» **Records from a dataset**
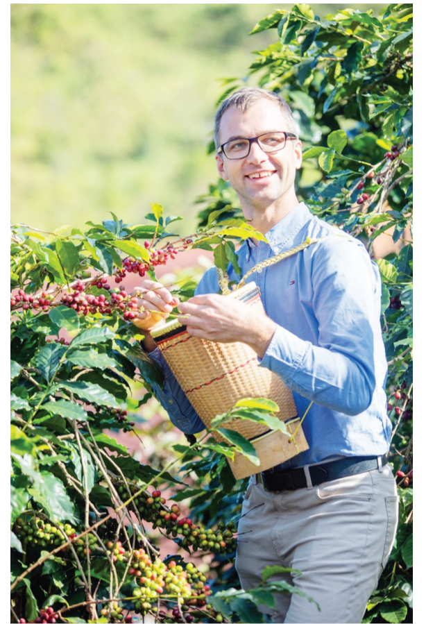
Khu Du lịch Chappi Moutains Coffee có thêm nhiều dịch vụ mới thu hút du khách.

Sau quãng thời gian tạm ngừng hoạt động tránh dịch bệnh, các dịch vụ du lịch tại Lạc Dương đã bắt đầu đón khách trở lại với những hoạt động kích cầu du lịch thiết thực nhằm thu hút du khách.
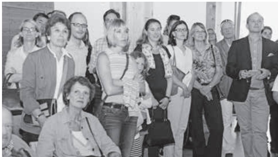
Der gebannte Blick auf die Leinwand – wer schafft es?
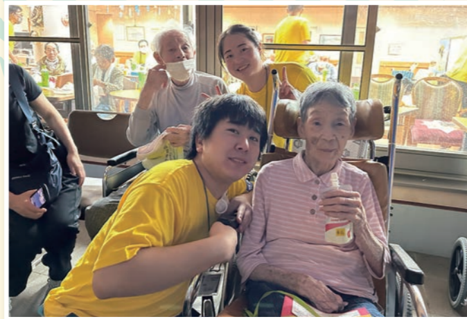
馴染みの職員と記念にパシャリ!久しぶりの笑顔です。
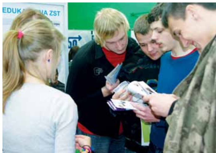
Uczestnicy Targów Edukacyjnych.

Z tego powodu w tym roku Powiat planuje w swoich szkołach uruchomić dla absolwentów gimnazjów 56 klas (oddziałów) kształcących w około 50 kierunkach. Wszyscy, którzy marzą o pracy w wojsku, policji, straży pożarnej czy straży granicznej, po raz pierwszy uzyskują możliwość kształcenia się w klasach mundurowych. Powiat Wodzisławski czyni też starania na rzecz uruchomienia od września br. czteroletniego Liceum Plastycznego w Wodzisławiu Śl. W Zespole Szkół Zawodowych w Wodzisławiu Śl. kon-
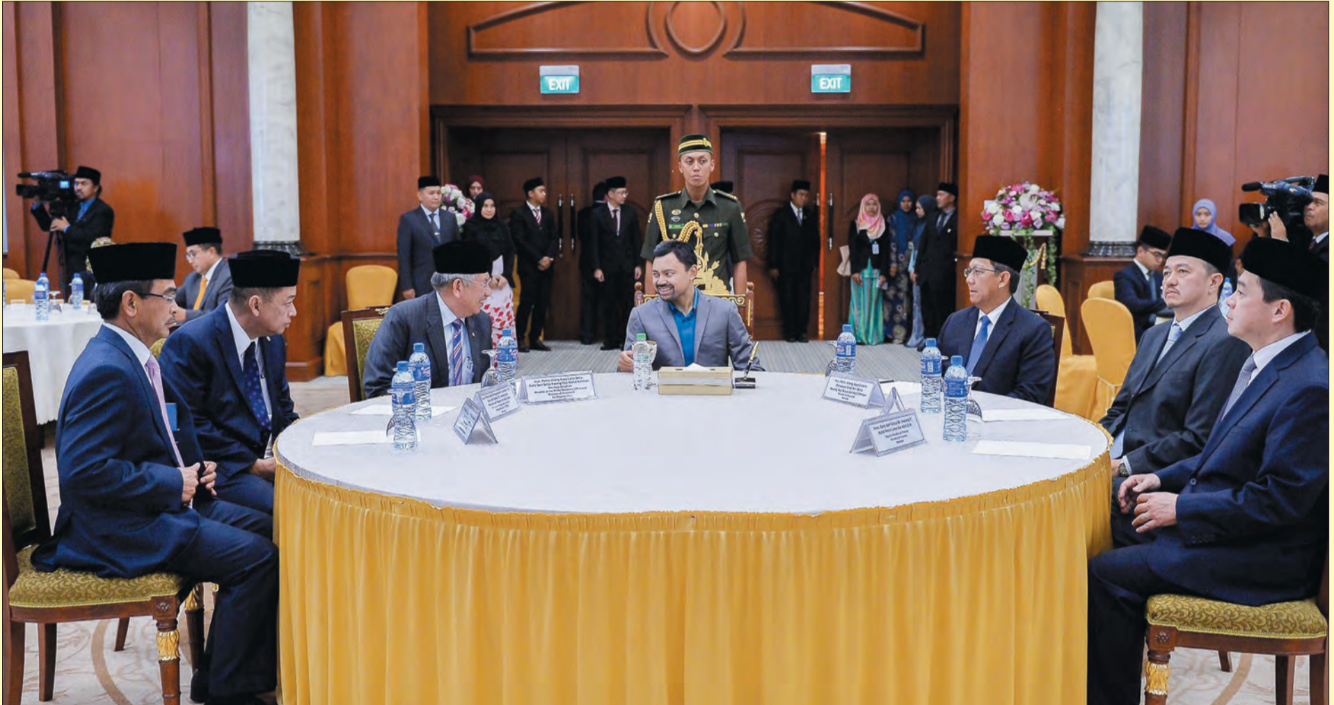
DULI Yang Teramat Mulia Paduka Seri Pengiran Muda Mahkota Pengiran Muda Haji Al-Muhtadee Billah ibni Kebawah Duli Yang Maha Mulia Paduka Seri Baginda Sultan Haji Hassanal Bolkiah Mu'izzaddin Waddaulah, Menteri Kanan di Jabatan Perdana Menteri (JPM), Pengerusi dan Sponsor Jawatankuasa Pandu PENGGERAK berkenan berangkat ke Sesi Pembukaan Program Brunei Top 100 Leaders (B100) Kali Ke-2 di JPM. Turut hadir, ialah Menteri di JPM dan Menteri Kewangan II (Kedua), Yang Berhormat Pehin Orang Kaya Laila Setia Dato Seri Setia Awang Haji Abdul Rahman bin Haji Ibrahim, selaku Timbalan Pengerusi Bersama Jawatankuasa Pandu PENGGERAK dan Ahli-Ahli Jawatankuasa Pandu PENGGERAK, iaitu Menteri Pendidikan, Yang Berhormat Pehin Orang Kaya Indera Pahlawan Dato Seri Setia Awang Haji Suyoi bin Haji Osman; Menteri Tenaga (Energy) dan Perindustrian di JPM, Yang Berhormat Pehin Datu Singamanteri Kolonel (B) Dato Seri Setia (Dr.) Awang Haji Mohammad Yasmin bin Haji Umar; Menteri Pembangunan, Yang Berhormat Dato Seri Setia Awang Haji Bahrin bin Abdullah; Timbalan Menteri Kewangan, Yang Mulia Dato Paduka Dr. Awang Haji Mohd. Amin Liew bin Abdullah dan Timbalan Menteri di JPM, Yang Mulia Dato Paduka Awang Haji Mohd. Roselan bin Haji Mohd. Daud, selaku Ketua PENGGERAK.

» **WORK ITEM**
Since the pictures are not part of the copy, please transcribe only the lines above from the one with "馴染みの職員と記念にパシャリ!久しぶりの笑顔です。" through the one with "Z tego powodu", exactly and with both ends.

» **RESPONSE**
馴染みの職員と記念にパシャリ!久しぶりの笑顔です。
Uczestnicy Targów Edukacyjnych.

Z tego powodu w tym roku Powiat planuje w swoich szkołach uruchomić dla absolwentów gimnazjów 56 klas (oddziałów) kształcących w około 50 kierunkach. Wszyscy, którzy marzą o pracy w wojsku, policji, straży pożarnej czy straży granicznej, po raz pierwszy uzyskują możliwość kształcenia się w klasach mundurowych. Powiat Wodzisławski czyni też starania na rzecz uruchomienia od września br. czteroletniego Liceum Plastycznego w Wodzisławiu Śl. W Zespole Szkół Zawodowych w Wodzisławiu Śl. kon-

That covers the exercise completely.